いつの頃よりか夕月が淡く地面に影をおとす頃になれば、前髪の目もと涼しい落とし差しの美少年が何処よりか現れ、何処ともしれず去る姿に出会ったという話が伝わり出した。出会おうと試みる人は誰も出会った者はなく、夕月を仰ぎ仕事に精出した岐路に、何とも言えない気品のある端麗な容姿に偶然出会い、騒然とした。一日の疲れも一緒に持ち去ってくれると出会ったものが言い出したために、村人は以前より朝霧を踏み,夕星を仰ぎ、農事に張り合いを持つようになった。美少年が思わぬ幸を運んでくれた。
村の共同作業も和やかに心豊かになり、争いもなくなってきた頃、何処で聞いてきたか、だれ言うとなく、長池の主である金の鯉が不思議な力を持つものとして、陸地に上がって美少年と化すのだという話で村は持ちきりになった。
おお村に行った源さんが海老名様に聞いてきた話では「鯛は海の魚の王というのに対し、鯉は川の魚の長(おさ)と言われている。清の国では鯉を珍重したことが古書に残っている。

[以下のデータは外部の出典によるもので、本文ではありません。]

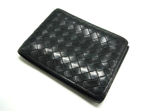 BOTTEGA VENETA ボッテガヴェネタ イントレチャート レザー 二つ折り 財布 ウォレット 札入れ 小銭入れ カード入れ ブラック系 DJ4094
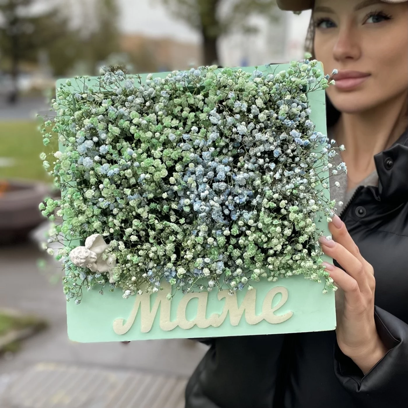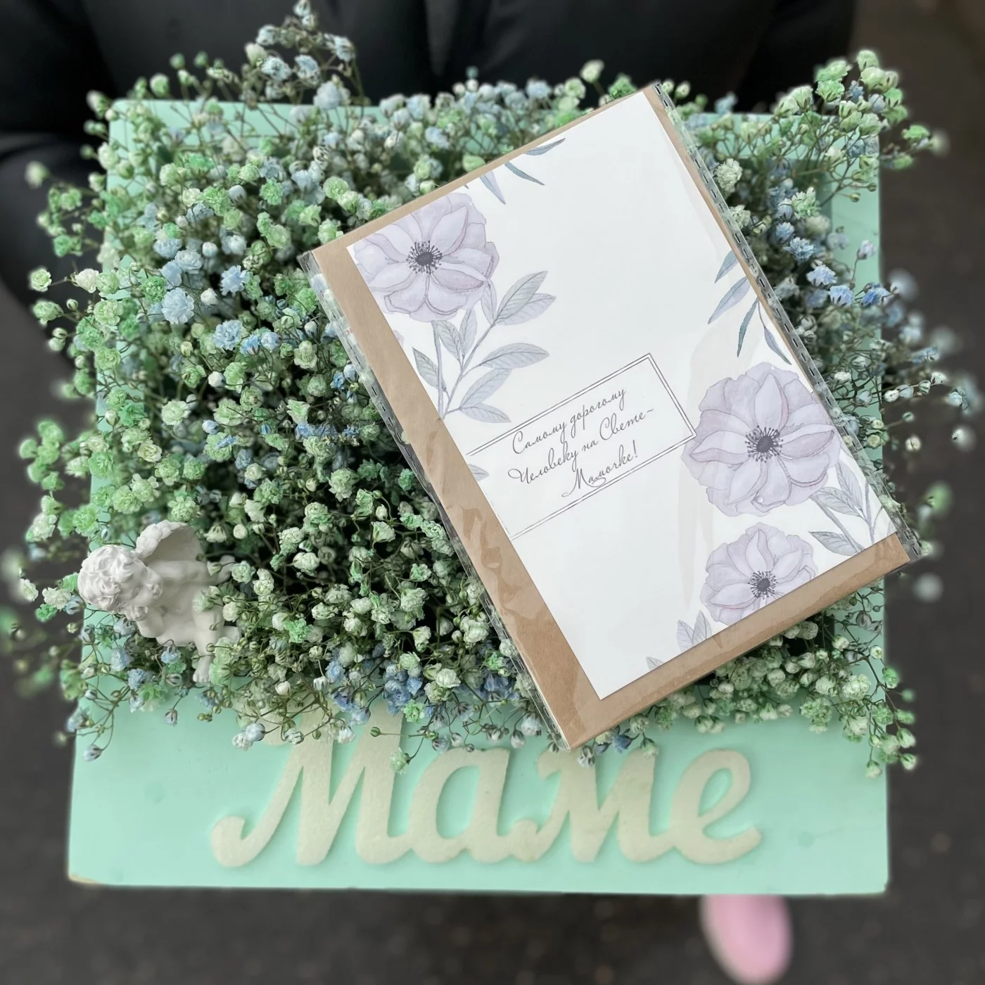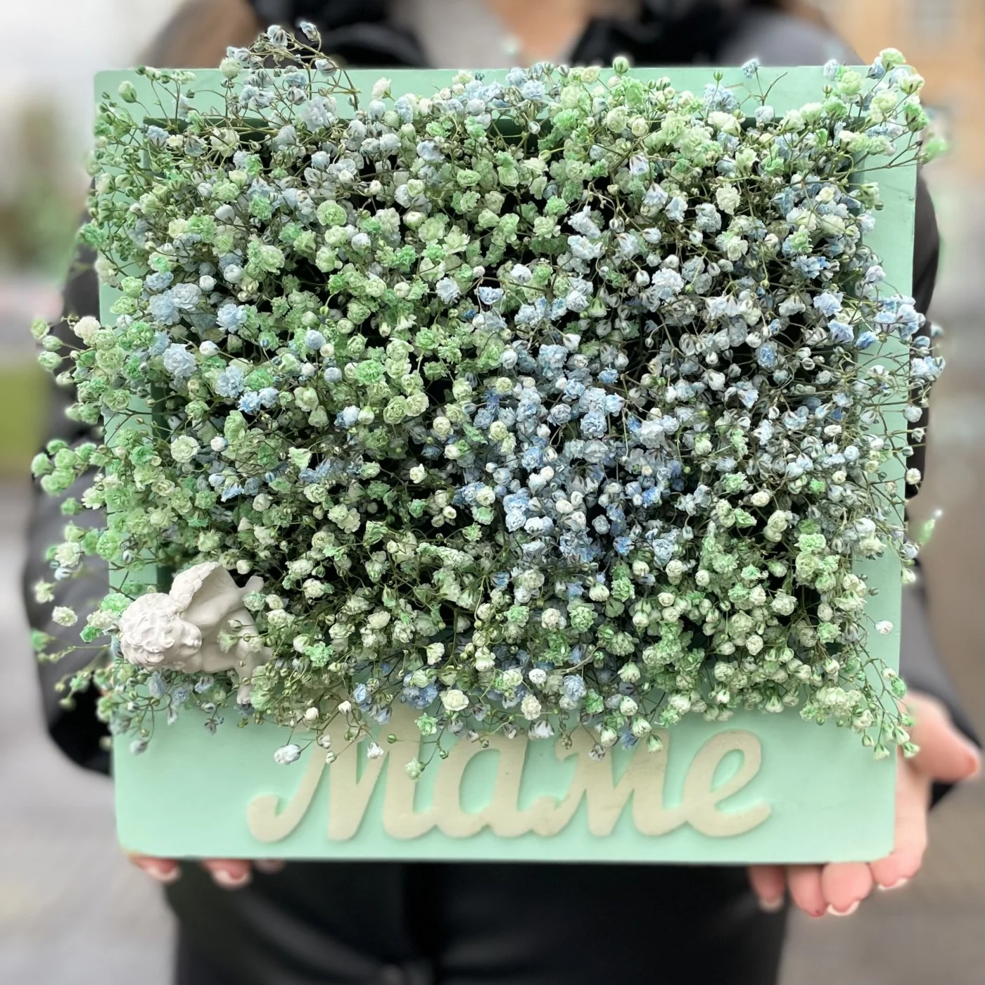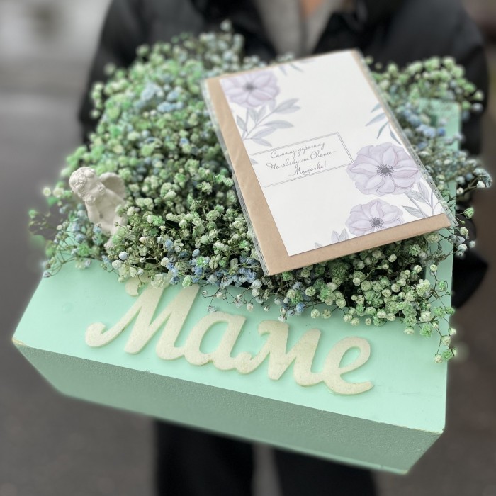 Коробка Мама с гипсофилой и ангелочком, станет очень красивым и приятным подарком для вашей мамочки. Композицию очень актуально подарить на день матери или день рождение.
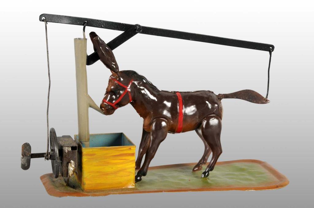 Description German. Working. When wound, donkey's tail and ears go up and down while feeding out of a trough. Some restoration to the donkey figure and one solder repair to wind-up mechanism. Condition (Very Good). Size 7" L.
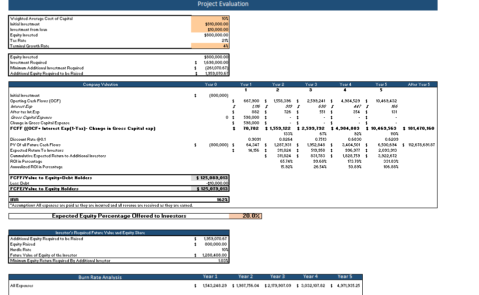 Since the table calculates Return on Investment, Investor’s Future Equity Share, and Cash Burn Rate Analysis, analyzing the company’s performance becomes easy to capture potential investors.
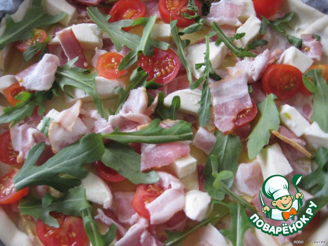 нарезанные кусочками - грудинку, помидоры, моцареллу, руколлу.
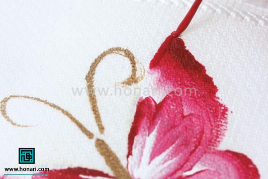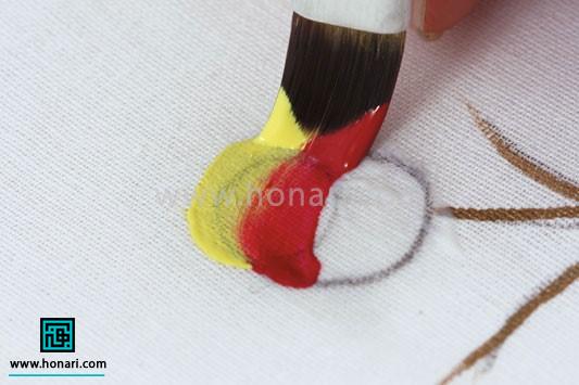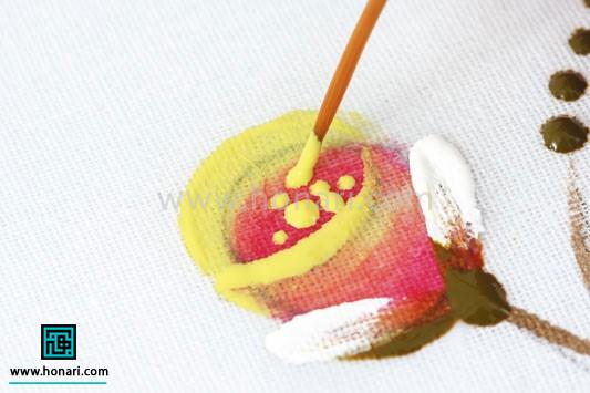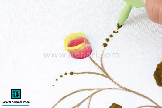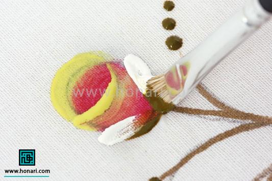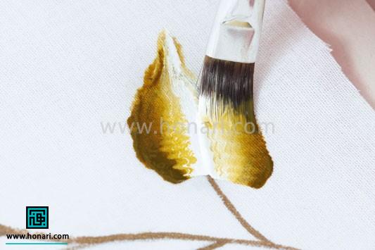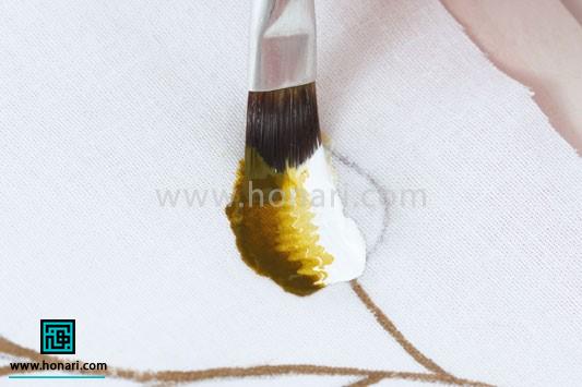 نقاشی روی پارچه باید جوری باشه که سمت سفید قلم مو سمت مرکز برگ قرار داشته باشه
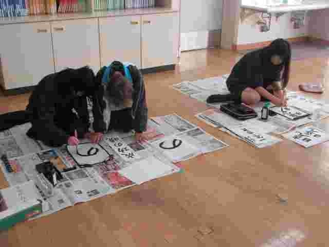 初めは縦や横の線、はらいなどを練習し、6時間かけて各学年の課題の文字を書きました。
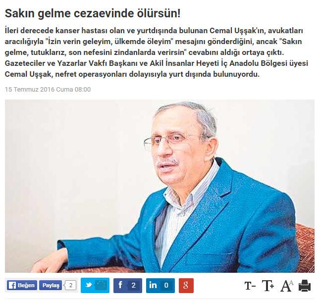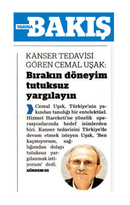 FETÖ/PDY’ye yönelik çatı soruşturması kapsamında hakkında gözaltı ve yakalama kararı çıkarılınca yurt dışına kaçan ve tüm aramalara rağmen bu güne kadar ele geçirilemeyen Cemal Uşşak’ın soruşturma savcısına “Kanser hastasıyım. Dönüp ülkemde öleyim.” başvurusu yaptığı paralel yapıya yakın yayın organlarınca dile getirildi. Soruşturma savcısının ise “Dönersen tutuklarız” dediği öne sürüldü.
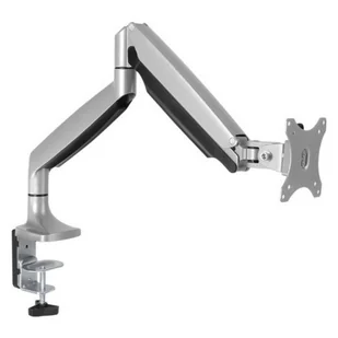 Uchwyt biurkowy do monitorów TooQ DB3032TNR-S to akcesorium zaprojektowane, by zapewnić solidne i wszechstronne rozwiązanie dla monitorów o przekątnej od 13" do 32", kompatybilne ze standardami VESA 75x75 i 100x100. Wykonany z aluminium i metalu, oferuje wytrzymałą konstrukcję zdolną utrzymać maksymalny ciężar do 9 kg, gwarantując stabilność i bezpieczeństwo dla ekranów płaskich i zakrzywionych. Uchwyt posiada ergonomiczne ramię z tłokiem gazowym, które umożliwia płynną i bezwysiłkową regulację, ułatwiając pochylenie, obrót i rotację w szerokim zakresie ±90° na każdym z tych osi, dając dużą swobodę ustawienia ekranu na optymalnej wysokości i kącie dla użytkownika. Wysokość można regulować do 505 mm, a ramię wysuwać do 605 mm, dostosowując się do różnych konfiguracji i przestrzeni roboczych. Elastyczny system montażu pozwala na instalację za pomocą zacisku lub śruby przechodzącej, w zależności od dostępnej powierzchni, a system organizacji kabli pomaga utrzymać porządek i zapobiega plątaniu. Elegancki, srebrny design i kompaktowe wymiary 316 x 112 x 485 mm sprawiają, że uchwyt jest kompatybilny zarówno z monitorami standardowymi, jak i zakrzywionymi, będąc idealnym rozwiązaniem do optymalizacji przestrzeni na biurkach w biurze lub domu. Zestaw zawiera uchwyt z kompletem montażowym i narzędziami oraz szczegółową instrukcję ułatwiającą instalację. Ze względu na parametry techniczne i jakość wykonania, TooQ DB3032TNR-S to niezawodny i funkcjonalny uchwyt biurkowy dla użytkowników wymagających zaawansowanego zarządzania i mobilności monitorów w środowisku profesjonalnym lub prywatnym.
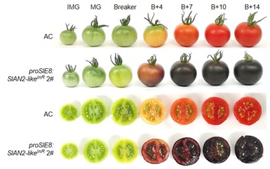 Purple tomatoes with anthocyanins fulfilled in the flesh and the peel of tomato fruits by overexpressing SlAN2-like (Image by IGDB)

寿命は15年くらいとされているが、百年以上いきるものもいる」と話した。
ある朝、夜からの深い霧がようやく晴れ、池の面が現れてくると、驚いたことに池一面に血でおおわれている。村人が何事かと池を巡ると、まるで水草に抱かれているかのように見事な金の鯉が美しい姿を見せていた。まるで、美少年が静かに横たわっているようであった。霧の晴れた朝の光に金銀の鱗の輝き目にした人は、その気高さに思わず手を合わせた。それからはその美少年に会うことはなかったという。